Individuals with PROP have an increased risk for certain secondary complications including pancreatitis and cardiomyopathy. Other, less common but serious, risks include cytopenia, optic neuropathy and late onset renal disease. While no specific nutritional interventions have been shown to prevent these complications, overall good adherence to recommended dietary management and aggressive intervention during intercurrent illnesses may be associated with better outcomes. Additional nutritional interventions, once complications have occurred, have been studied. Individuals with PROP who develop pancreatitis need to follow usual guidelines for nutrient intake during acute illness (see Q#2). In addition, recovery is hastened with the use of jejunal and/or parenteral nutrition to allow rest of the gastrointestinal tract.
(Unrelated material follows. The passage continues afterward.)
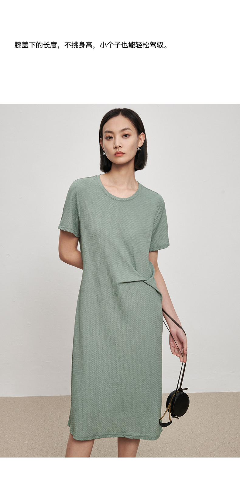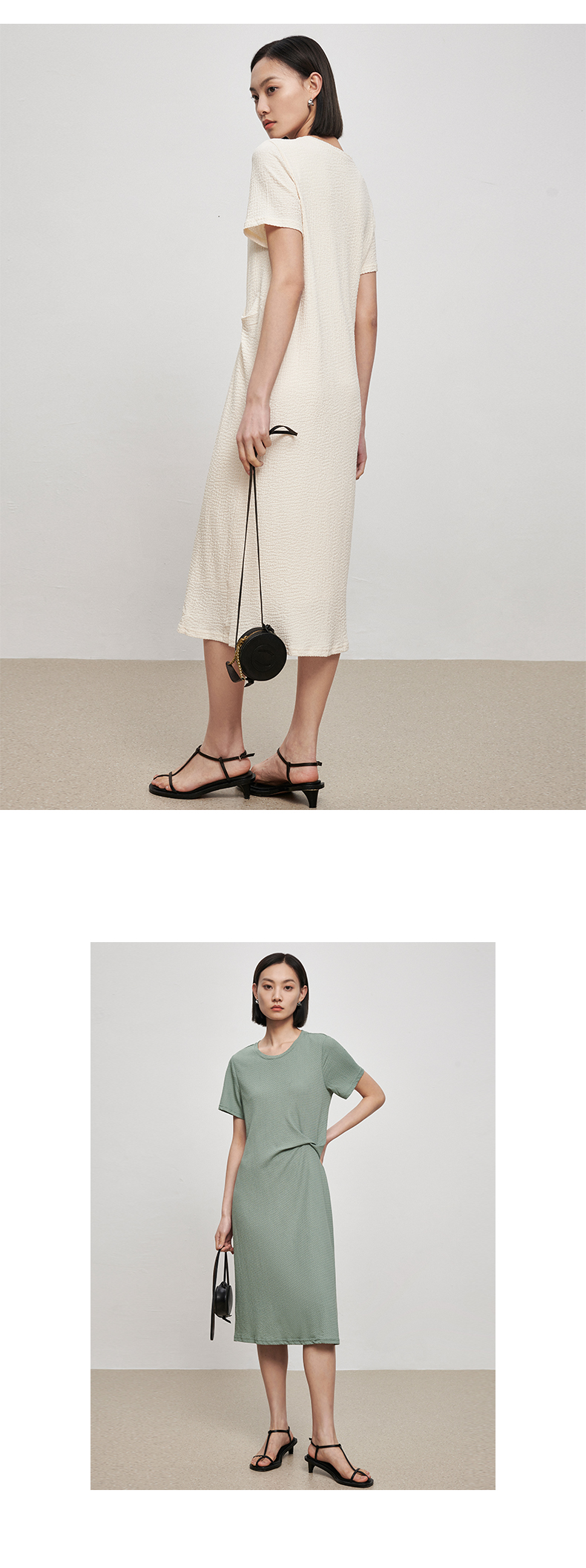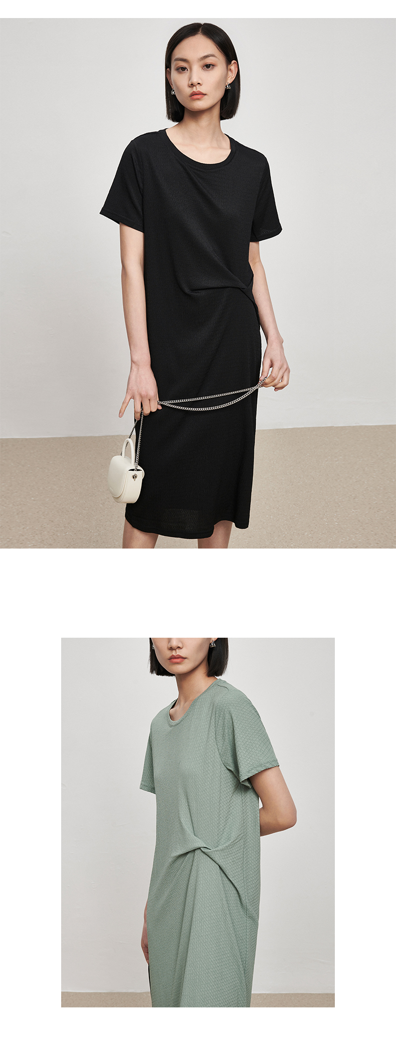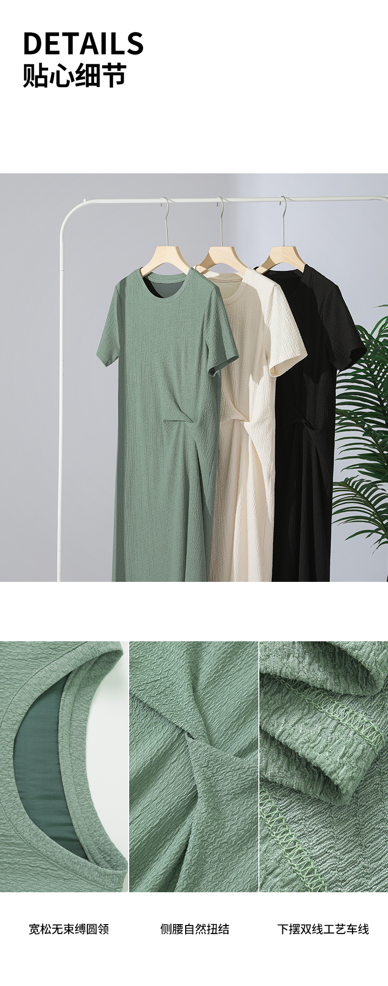 IN AND ON21973水波纹扭结连衣裙女长款优雅气质短袖圆领纯色简约长裙

Cardiomyopathy can occur in the neonatal period or anytime over the lifetime of the individual, even in those who apparently have been adherent to their dietary recommendations. However, it has been demonstrated, by measurement in postmortem samples, that normal plasma carnitine levels, as a measure of adequate carnitine intake, may not reflect an apparent deficiency of carnitine in the cardiac tissue. While medical interventions are necessary to treat some of the symptoms of these secondary complications, the inability of usual nutrient interventions to be completely successful in preventing or treating the complications themselves, suggests mitochondrial dysfunction in PROP and the possible utility of antioxidant supplementation, although there is not sufficient evidence to support specific compounds and dosages.
Definitions of the protein terminology used throughout this guideline are listed in Appendix B.
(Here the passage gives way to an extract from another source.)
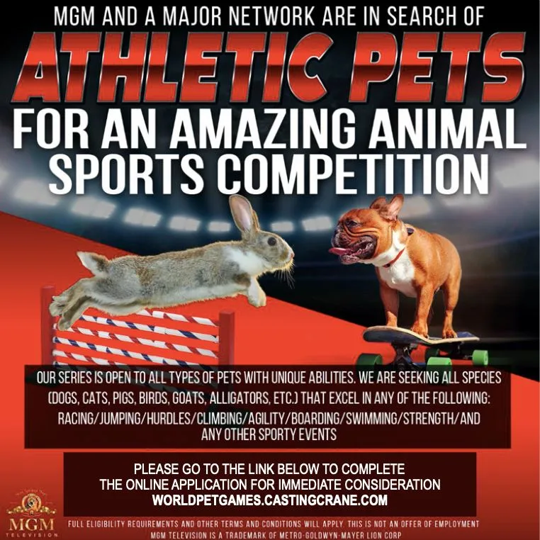 MGM and a major network are in search of Athletic Pets, that’s right, athletic pets. The new show is holding zoom auditions / video auditions for pets and their owners

6.1. In individuals with PROP who develop acute pancreatitis, utilize jejunal and/or parenteral feeding to provide the appropriate “recommended intake during illness” (see Research Question # 2) and to rest the gastrointestinal track.
Pancreatitis has been reported as a fairly common complication in the organic acidemias (F.3117). Although there have been several detailed case reports of pancreatitis in individuals with PROP (F.61, F.593, F.244, G.75), broader studies, through retrospective analysis of medical histories, literature reviews or through patient/family surveys (F.3118, F.3117, F.3109, F.3381) have suggested a prevalence of approximately 20%, with some individuals have recurring episodes (F.61, F.593, F.3117, F.2962).
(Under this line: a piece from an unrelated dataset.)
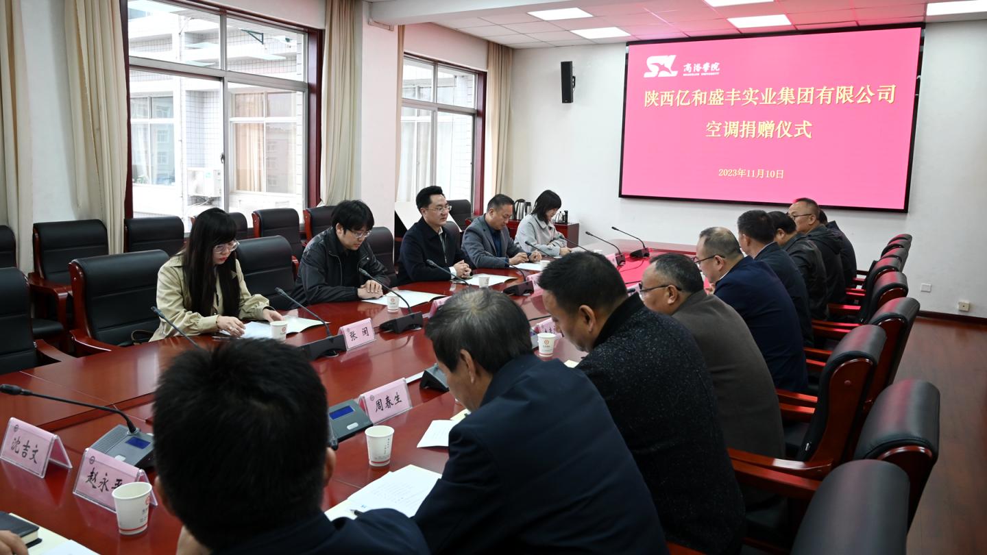 為進(jìn)一步改善學(xué)校辦學(xué)條件,經(jīng)友好協(xié)商,陜西億和盛豐實(shí)業(yè)集團(tuán)有限公司向我校丹江校區(qū)學(xué)生公寓樓C棟捐贈(zèng)價(jià)值60余萬元的176臺(tái)空調(diào)設(shè)備。11月10日,我校舉辦空調(diào)設(shè)備捐贈(zèng)儀式。陜西億和盛豐實(shí)業(yè)集團(tuán)有限公司董事局主席黃鵬、董事長黃濤出席捐贈(zèng)儀式。校長范新會(huì)代表學(xué)校接受捐贈(zèng)并向陜西億和盛豐實(shí)業(yè)集團(tuán)有限公司頒發(fā)捐贈(zèng)證書。副校長郭瑾主持捐贈(zèng)儀式并向企業(yè)頒發(fā)捐贈(zèng)牌匾。

22% of RD respondents to the Delphi I survey had no experience with treating pancreatitis in their patients with PROP
Pancreatitis should be suspected in individuals presenting with vomiting, anorexia, abdominal tenderness/pain and unexplained acidosis. The suggested evaluations have included serum amylase and lipase measurements and abdominal X-ray (F.3109, F.3403, F.532). In a report of a single acute case, the lipase and amylase levels were normal at presentation, but rapidly increased (F.593). Individuals may present with or without metabolic decompensation (F.3117).
It is not known if systemic acidosis is a causative factor or a consequence of pancreatitis (F.3403, F.61). Acute episodes have been treated with bowel rest for up to 2-5 weeks (F.61), jejunal feeds, and pain management (F.3403). Parenteral, or a combination of parenteral and enteral, feedings have been used safely with total protein provided at or near RDA for age (F.3403, F.3399, G.75). IV carnitine at 200-300 mg/kg/day has been used maximize propionylcarnitine excretion (F.3403, G.51). The intake of other nutrients should follow the individual’s “recommended intake during illness” as described in Q#2.
There was not consensus regarding all proposed interventions for treating pancreatitis in individuals with PROP, comments suggested that this was partly due to the small number of cases and partly to the the greater role of the medical institiutions' G.I. teams
There was not consensus (only 46% of RD and MD respondents agreed) that individuals with acute pancreatitis, who are admitted, require IV parenteral support customized without offending amino acids.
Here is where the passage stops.